The question is not stated precisely. So I'm free to say anything :)

  • If you are interested in "non-uniqueness" then the anser is "NO". In any such triangle $[x y z]$ there are at least two distinct geodesics between directions of $[x y]$ and $[x z]$; thus the space of directions at $x$ can not be a sphere.

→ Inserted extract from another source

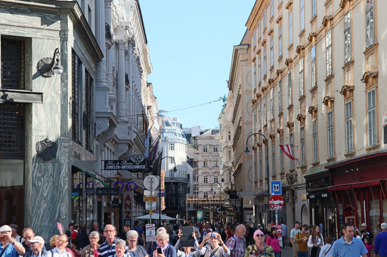 ホーフブルグ宮殿のミヒャエル広場から延びている道。広場出てすぐにザッハートルテで有名な店の一つ、デメルが左側にあります。通りとしてはそれほど長くなく、しばらく歩くと、右側にグラーベン通りに繋がります。街歩きのスタートとしても逆回りの終点としてもいいかと思います。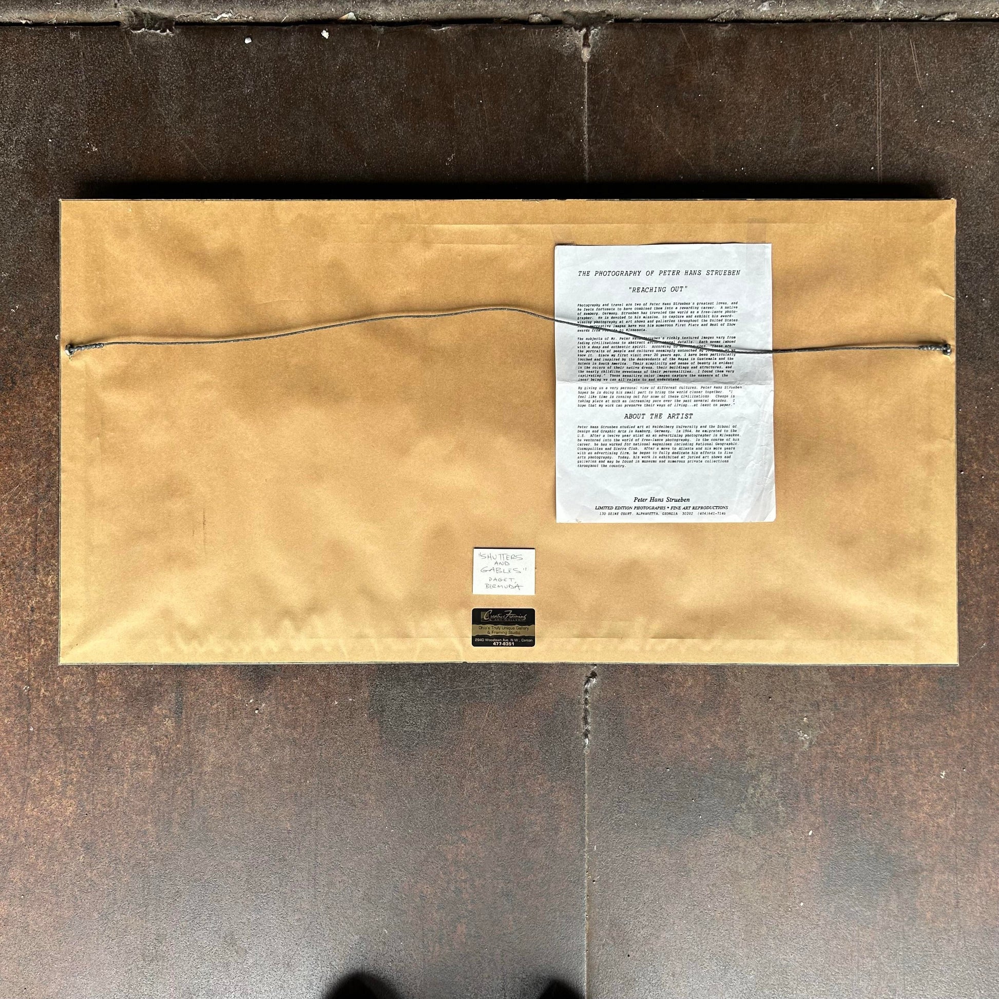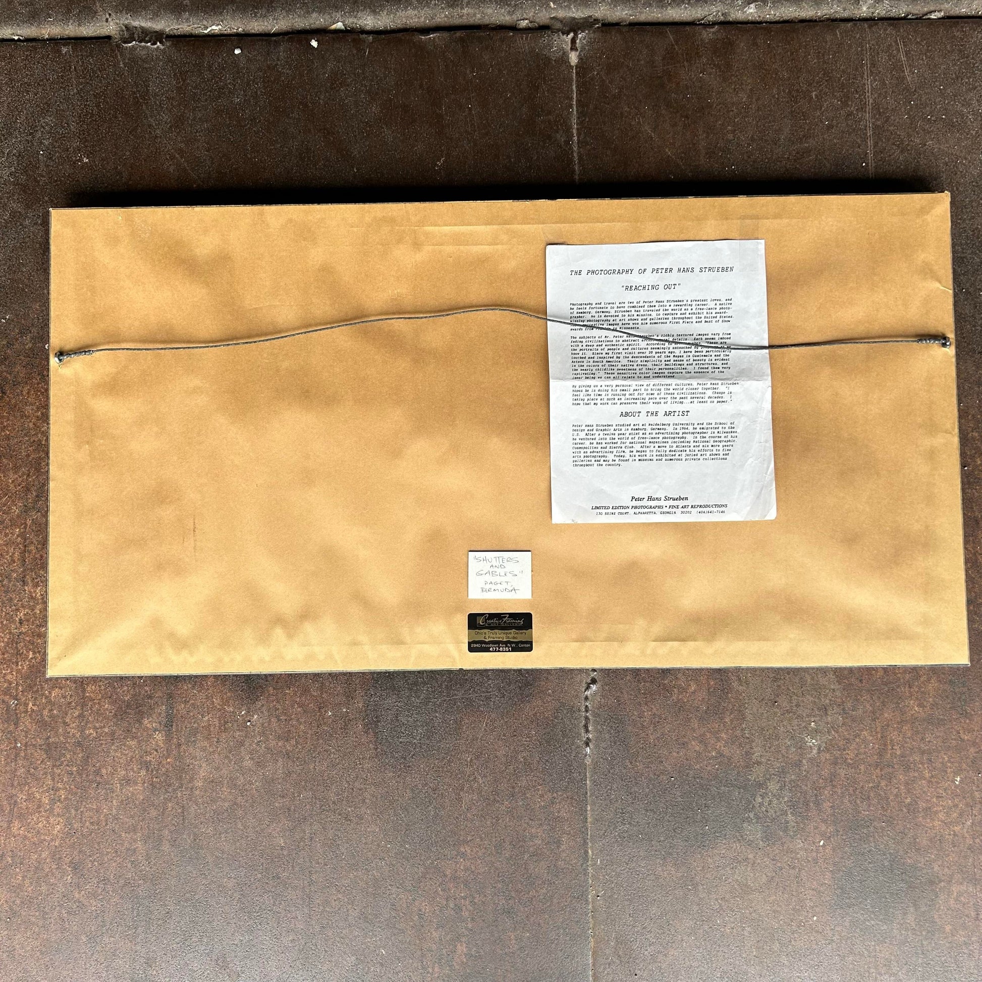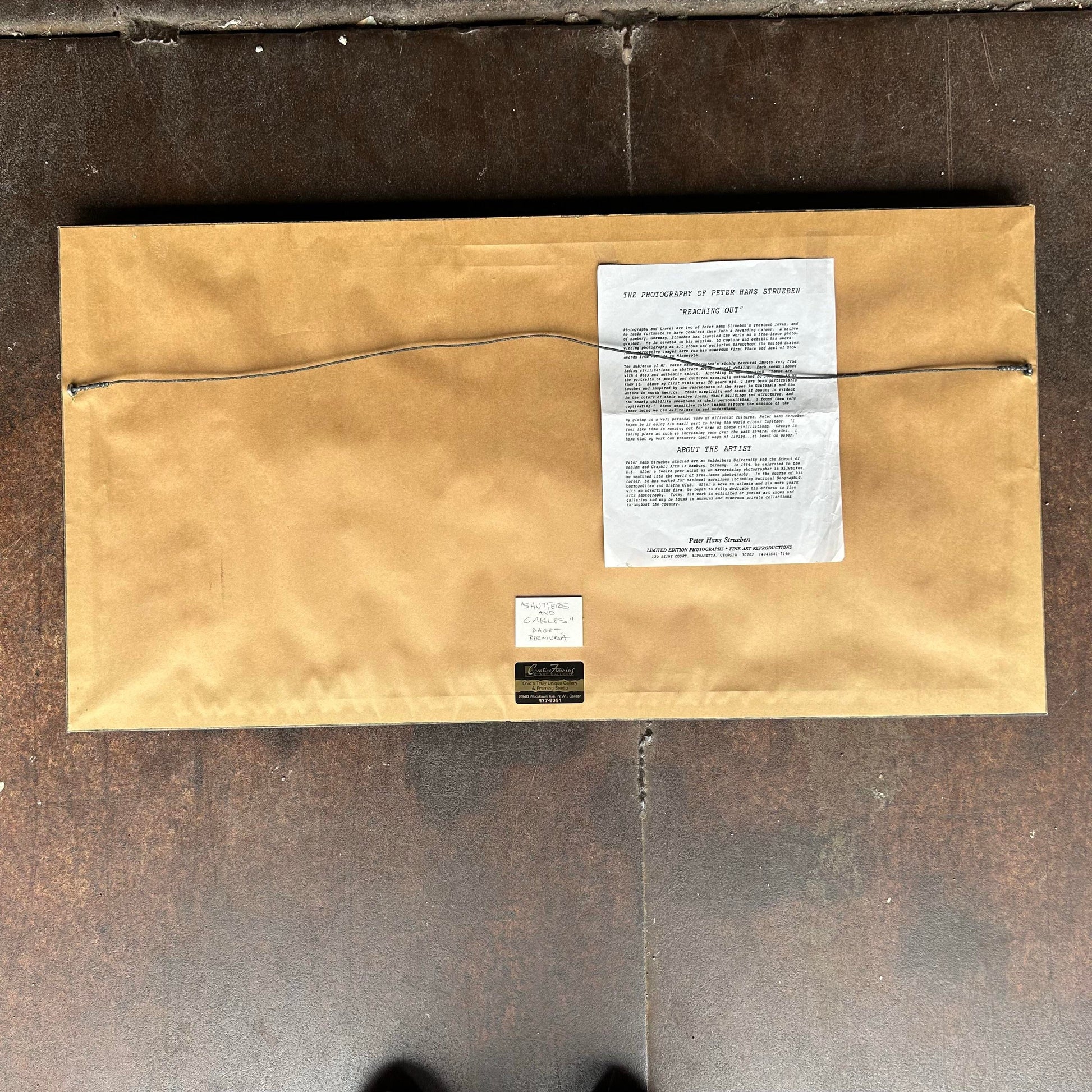 The set of three photographs depicts roofs in the city of Paget Bermuda. The set of photographs has been professionally framed in a black frame and glass. There’s a short biography on the back for the photographer. The set is signed and pencil and dated 1991.

  • If you are interested in "the third side is wrong", the answer is "YES". Take $x=(0,0,0)$, $y=(1,0,1)$ and $z=(0,1,-1)$ in $\mathbb R^2\times [-1,1]$. Then glue $\mathbb R^2\times \{1\}$ to it-self along reflection $(u,v)\mapsto (-u,v)$ and glue $\mathbb R^2\times \{-1\}$ to it-self along reflection $(u,v)\mapsto (u,-v)$. You get a singular Alexandrov space with triangle $[x y z]$ where the side $[y z]$ might be wrong for some filling of the hinge at $x$. BUT this triangle admins a flat filling. It is easy to smooth this spaces near both singular lines to obtain Riemannian manifold with the same property.

  • I know one example of a triangle in singular Alexandrov 3-space such that all distances between points on sides are the same as the corresponding distances in the model triangle, but it can not be filled with a flat triangle. This is a bit tricky to construct. I can not make this example to be Riemannian (and I feel that it is impossible).

P.S. The answer to the "specific" question is "NO".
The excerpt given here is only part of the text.